■ **RECORDS FOR THIS TASK**
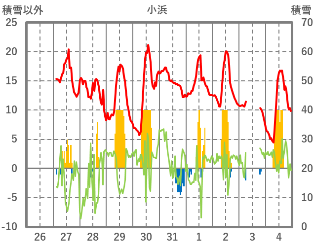 | 日 | 時 | 気温 | 降水 | 風向/風速 | 日照 | 積雪 | 降雪 |
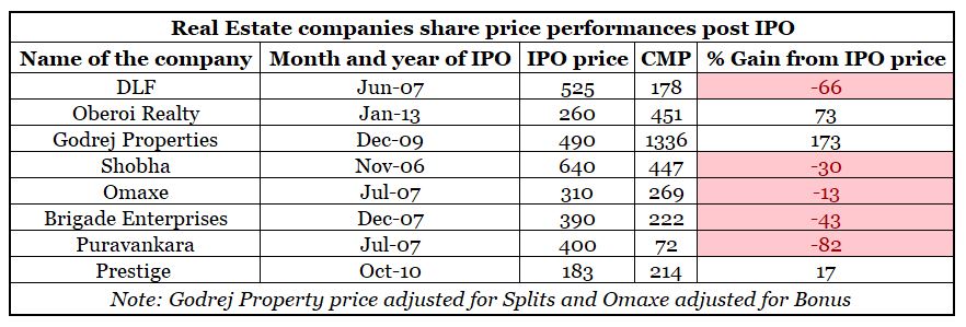 I would say that the listed real estate companies created huge amount of wealth destruction for the investors, because even while the stock market went up, the share prices of these companies went down. They did not give any meaningful returns to the investors over the long term. Many of them are not investor-friendly too as they have rarely declared dividend or bonus. Also, time and again, the issue of corporate governance keeps cropping up.
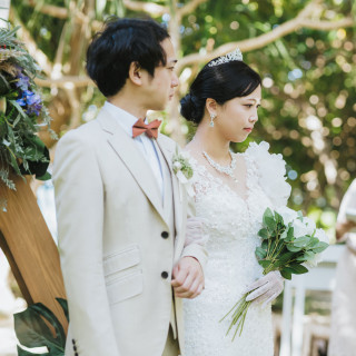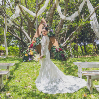 大きなガジュマルの木に装飾を施してくれて、リゾート挙式らしい素敵な雰囲気でした。当日はとても日差しが強く、直射日光が厳しかったですが、たくさんの木々からの木漏れ日が日差しを和らげてくれ、風が吹けば多少涼しく感じられました。親族のみのパーティでしたが、貸し切り状態で楽しく食事が出来ました。大きな窓に囲まれていたので、外に見える自然や日の光がとても素晴らしかったです。新婦ヘア&メイクを付き添い1へアップグレード、ブーケのアップグレード、撮影プランに2ヶ所のロケーション撮影を追加特典プランとして6名分のコース料理をつけてくれた点、衣装が選び放題な点はかなり費用を抑えられました。会場装飾を自分達で用意したので、オプション価格より安く用意する事がら出来ました。沖縄の食材を使った料理は全てとても美味しく、見た目も華やかでした。参列者にキッズがいたのですが、好き嫌いの食材も柔軟に対応して下さり、とても喜んでくれていました。リゾートホテルの敷地内ということもあり、挙式会場やロケーション撮影などリゾート感溢れる会場雰囲気でした。打ち合わせや相談は全てメールやzoomでのやり取りでしたが、聞きたいことは全て具体的に分かりやすく説明してくれました。挙式当日はパーティまでの付き添いメイクプランにしてもらいましたが、汗やメイク直しは必須だったので、付き添いにしてもらって正解でした。なんといっても挙式会場のガジュマルの木が良い!装飾も綺麗にして頂き、素晴らしい会場でした。挙式に必要なものを郵送して預かってくれたので当日は荷物も少なく臨めましたが、挙式後のたくさんの荷物を持ち帰るのは大変でした。詳細を見る (694文字)
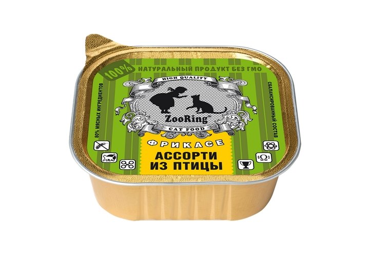 Zooring Паштет Зооринг для кошек Фрикасе Ассорти из птицы (цена за упаковку) 100 г х 16 шт
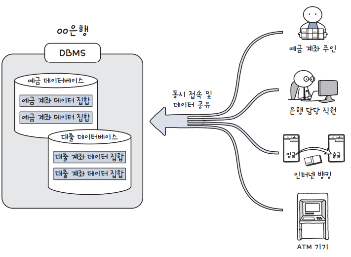 가까운 예로 은행이 가지고 있는 예금 계좌 데이터베이스에는 ATM 기기, 인터넷 뱅킹, 예금 계좌 주인, 은행 담당 직원 등 여러 명이 동시에 접근할 수 있어야 한다.
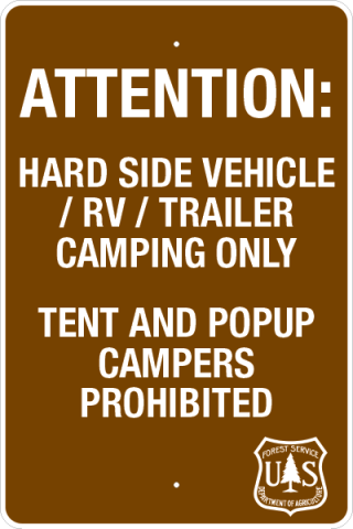 24 x 36 x .080 Alum. Sign - "Attention: Hard Side Vehicle / RV / Trailer Camping Only, Tent And Popup Campers Prohibited" w/ USFS Logo, Wht/Brn, HIP
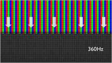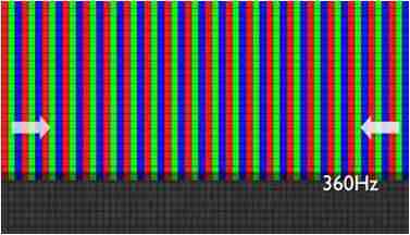传统液晶驱动是从左到右单向进行,,在画面更新速度愈来越愈快的情况下,,,位于驱动线路末端的右下角区域,,,画素的闸极来不及在短时间内获得足够电压,,,,无法显示出正确的颜色资讯。。

■ **WHAT THE TASK ASKS**
Your copy must begin at the line containing "가까운 예로 은행이 가지고" and end at the last line of the material above. Reproduce each line exactly, but not the pictures.

■ **COMPLETED TASK**
 가까운 예로 은행이 가지고 있는 예금 계좌 데이터베이스에는 ATM 기기, 인터넷 뱅킹, 예금 계좌 주인, 은행 담당 직원 등 여러 명이 동시에 접근할 수 있어야 한다.
 24 x 36 x .080 Alum. Sign - "Attention: Hard Side Vehicle / RV / Trailer Camping Only, Tent And Popup Campers Prohibited" w/ USFS Logo, Wht/Brn, HIP
传统液晶驱动是从左到右单向进行,,在画面更新速度愈来越愈快的情况下,,,位于驱动线路末端的右下角区域,,,画素的闸极来不及在短时间内获得足够电压,,,,无法显示出正确的颜色资讯。。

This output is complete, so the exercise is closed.